# Preprocessing and clustering functions

This tutorial explores preprocessing and clustering

## Scatter plots for embeddings

With scanpy, scatter plots for tSNE, UMAP and several other embeddings are readily available using the `sc.pl.tsne`, `sc.pl.umap` etc. functions. See [here](https://scanpy.readthedocs.io/en/stable/api/scanpy.plotting.html#embeddings) the list of options.

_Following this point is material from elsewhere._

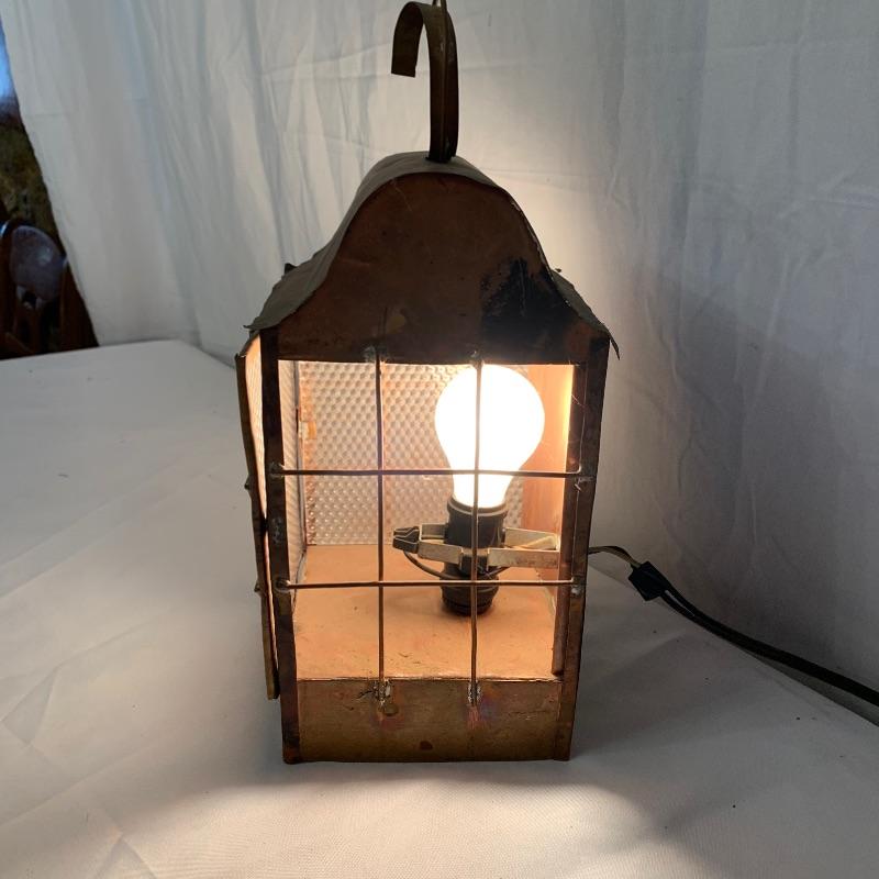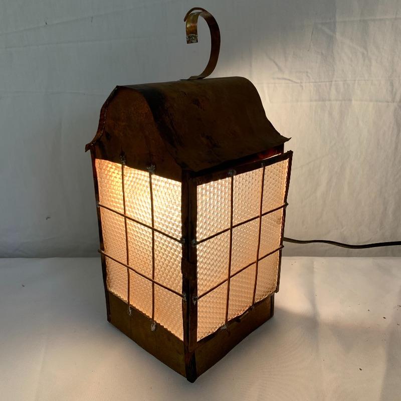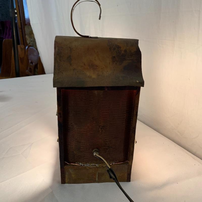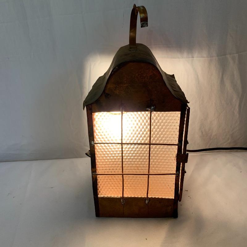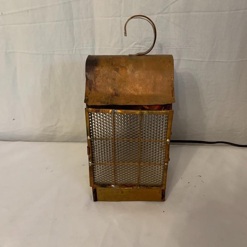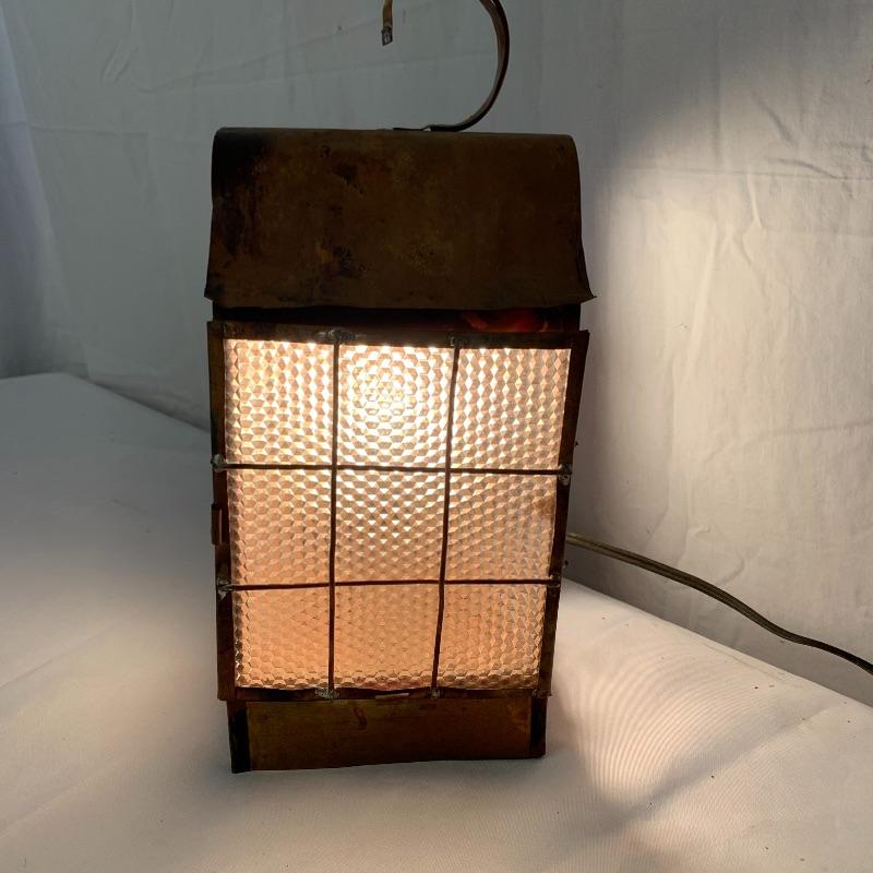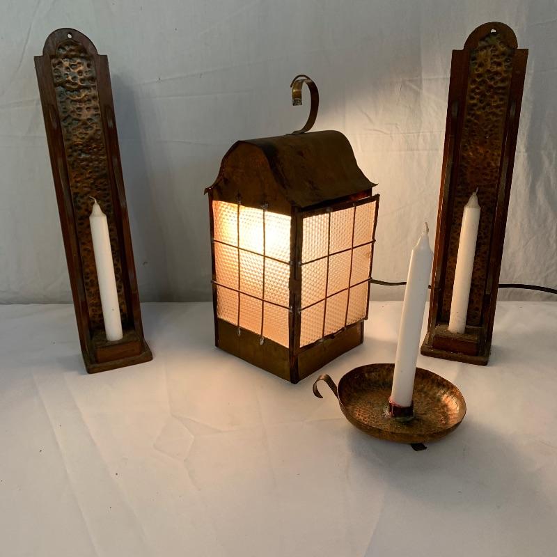 Light up your life with this lovely set of handmade copper candle holders and lantern style light. Everything in this lot is homemade. Lot 46 includes a pair of matching candle holders measuring 18” tall x 3 1/2” wide. These two can be freestanding or hung on a wall. The single candle holder is a bowl style with an adorable little handle and measures 5 1/2 across, and 2” tall. Last but not least is this super cool handmade lantern style light, measuring 12” tall, and 6 1/2 square. It’s in great working condition and features plastic lenses on 2 sides, and a whimsical handle on top. Shipping available.

Those functions access the data stored in `adata.obsm`. For example `sc.pl.umap` uses the information stored in `adata.obsm['X_umap']`. For more flexibility, any key stored in `adata.obsm` can be used with the generic function `sc.pl.embedding`.

In [None]:
import scanpy as sc
import pandas as pd
from matplotlib.pyplot import rc_context
import scipy
import anndata
import os
import warnings
warnings.filterwarnings("ignore")

In [None]:
%matplotlib inline
sc.set_figure_params(dpi=100, color_map = 'viridis_r')
sc.settings.verbosity = 3
sc.logging.print_header()

In [None]:
# configuration for capsule
from pathlib import Path

sc._settings.ScanpyConfig.cachedir = Path("/data/cache/")
sc._settings.ScanpyConfig.datasetdir = Path("/data/")
Path("/results/figures").mkdir(parents=True, exist_ok=True)
sc._settings.ScanpyConfig.figdir = Path("/results/figures")
Path("/results/write").mkdir(parents=True, exist_ok=True)
sc._settings.ScanpyConfig.writedir = Path("/results/write/")

In [None]:
results_dir = "/results"
results_file = (
    f"{results_dir}/write/INCF.h5ad"  # the file that will store the analysis results
)

### Load dataset

In [None]:
#adata = scipy.io.mmread("/data/input_data/matrix.mtx")
#cells = pd.read_csv("/data/input_data/barcodes.tsv",sep="\t",header=None)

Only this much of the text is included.